Любопытствуя узнать источник обмана, на который я не считал способным юного плута, я в одиночку пришел повидать его через неделю. Я нашел его вместе с Виаром, который, наблюдая видимую покорность, с которой он говорил со мной, должен был предположить, что он принадлежит мне. Воздав неумеренные похвалы талантам юного графа, сказал, что он превосходно играет на поперечной флейте, что он танцует и очень ловко владеет оружием, что он очень хорошо сидит на лошади и что никто не рисует лучше его буквы алфавита. Он показал мне далее заточенные им перья в одну, две, три, пять и до одиннадцати точек и предложил проэкзаменовать его в науке геральдики, науке столь необходимой для сеньора, которую никто не знает лучше него.
Малыш затем оттарабанил мне описание своих гербов в терминах гербовой науки, едва не заставив меня рассмеяться, потому что я не понял почти ничего; но он доставил мне истинное удовольствие, написав свой адрес от руки различными перьями, которые одним своим прикосновением проводили прямые линии и дуги, разделенные точками. Я сказал Виару, что все это прекрасно, и он, очень довольный, оставил меня наедине с малышом.
– Могу ли я узнать, – сказал ему я, – что за причуда заставила вас взять имя д’Аранда?
– Это глупость, но, пожалуйста, оставьте его мне, поскольку оно здесь нужно, чтобы меня уважали.
– Это выдумка, которую я не могу допустить, потому что она может иметь неприятные последствия, способные нас всех скомпрометировать. Это проделка, дорогой мой друг, на которую я не считал вас способным, легкомысленный каприз, который может вылиться в преступление, которое я не знаю, каким образом смогу исправить, спасая вашу честь, после всего того, что вы наговорили м-м д’Юрфэ.

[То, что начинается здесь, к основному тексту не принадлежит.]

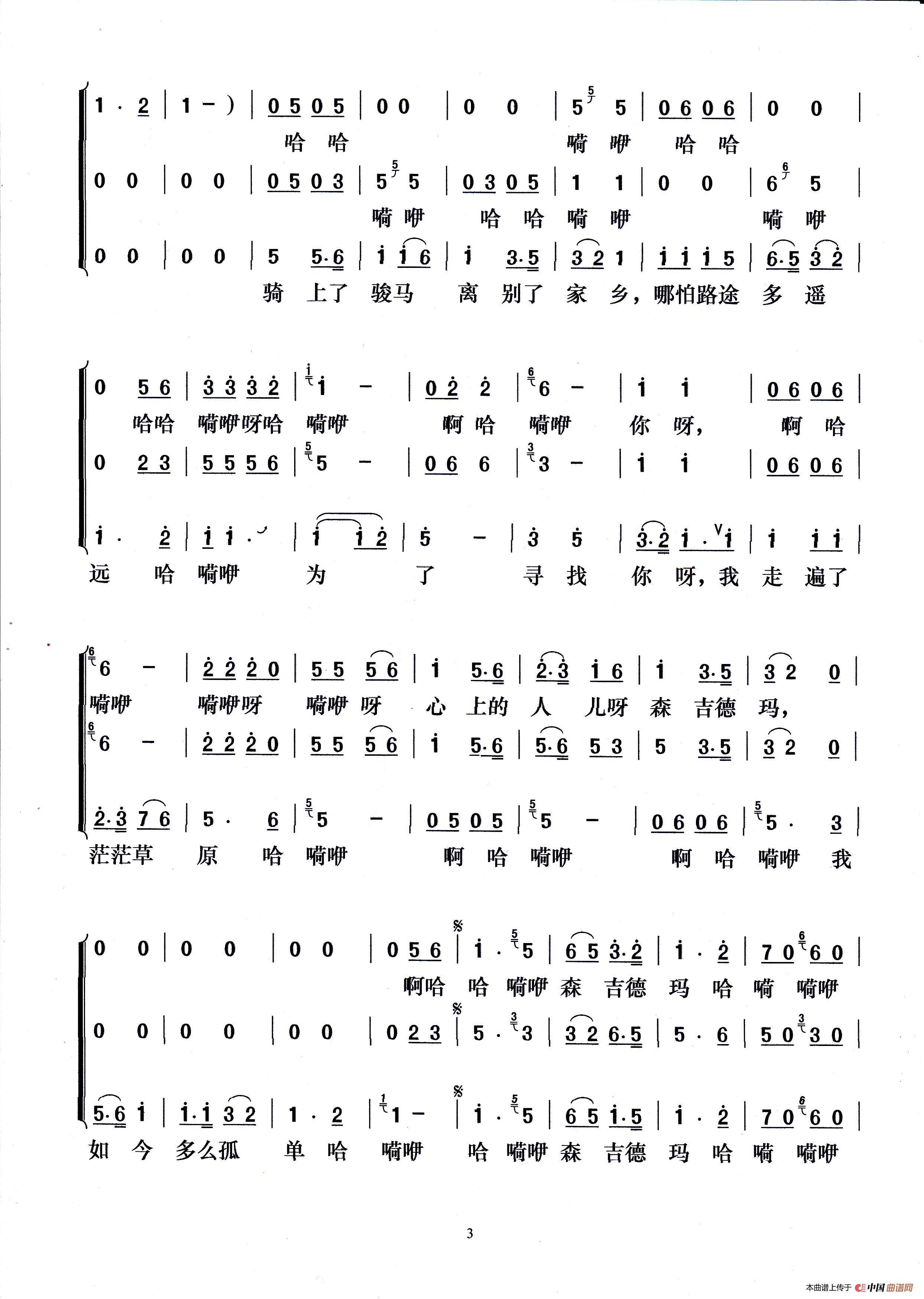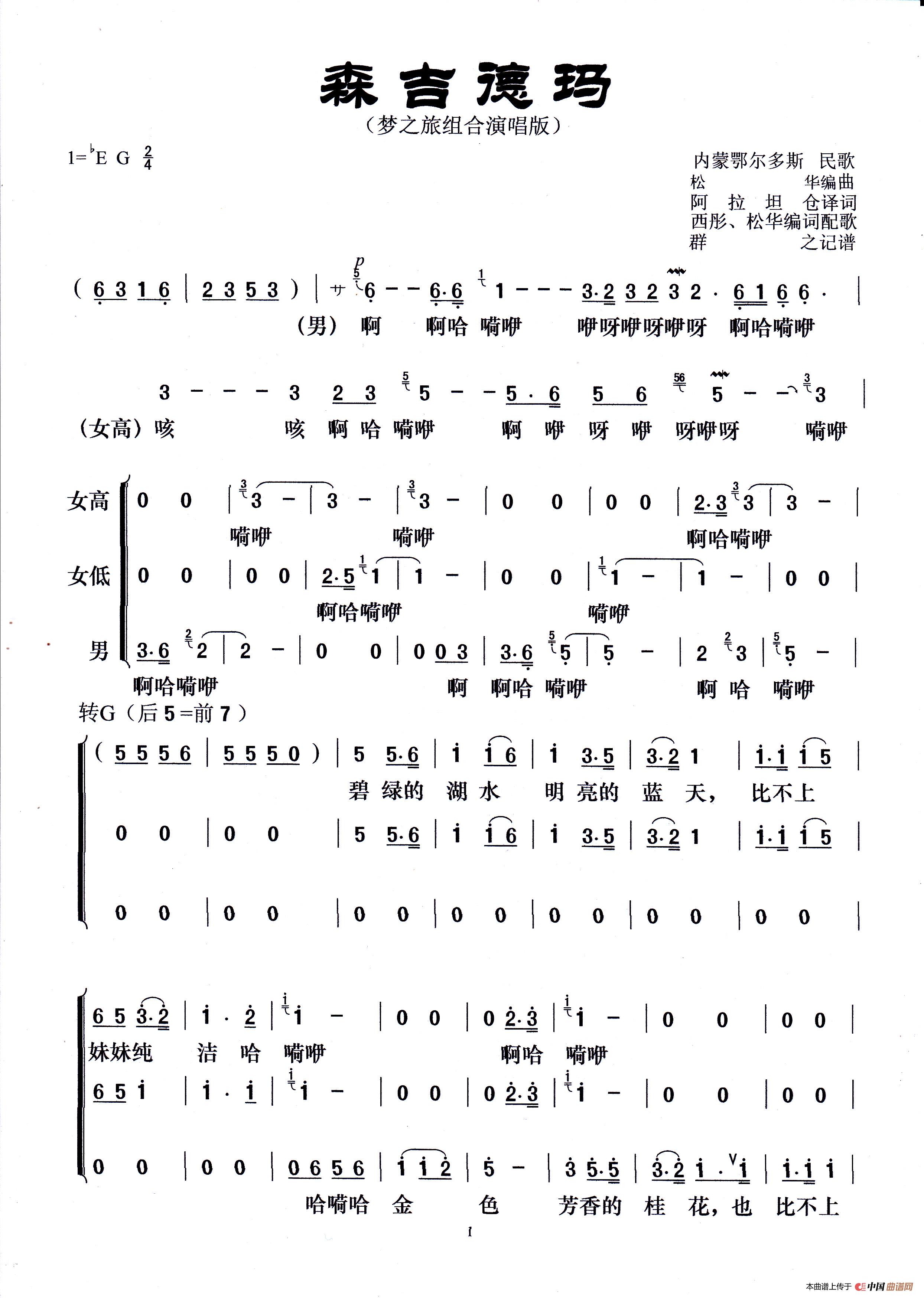 森吉德玛(梦之旅组合演唱版)相关五线谱

Я окончил свой выговор, только увидев его слезы и услышав просьбу о прощении. Он сказал, что предпочитает испытать унижение быть отправленным к матери, чем пережить стыд признания м-м д’Юрфэ, что он ее обманул, и вынужденный отказ в пансионе от имени, которое он себе дал. Он внушил мне жалость. Я действительно не мог исправить положение иначе, чем отправив его жить на пятьдесят лье от Парижа под незнакомым именем.
– Скажите мне, – сказал я ему, – но с наиболее полной правдой, какова природа нежности хорошенькой девицы, которая столь много внимания уделяет вам.
– Полагаю, дорогой папа, что тут как раз случай проявить ту самую сдержанность, которую вы мне рекомендовали, как и мать.
– Отлично! Этим замечанием вы мне все и сказали; но нет вопроса о сдержанности, когда речь идет об исповеди.
– Ладно! Малышка Виар меня любит и дала мне знаки, которые не позволяют мне в этом сомневаться.
– А вы?
– А я, я тоже люблю; и, разумеется, я не могу быть виноват в том, что разделяю ее любовь, она такая красивая! И ее нежность и ее ласки таковы, что я не могу им противиться, не будучи из мрамора или в высшей степени неблагодарным. Я сказал вам правду.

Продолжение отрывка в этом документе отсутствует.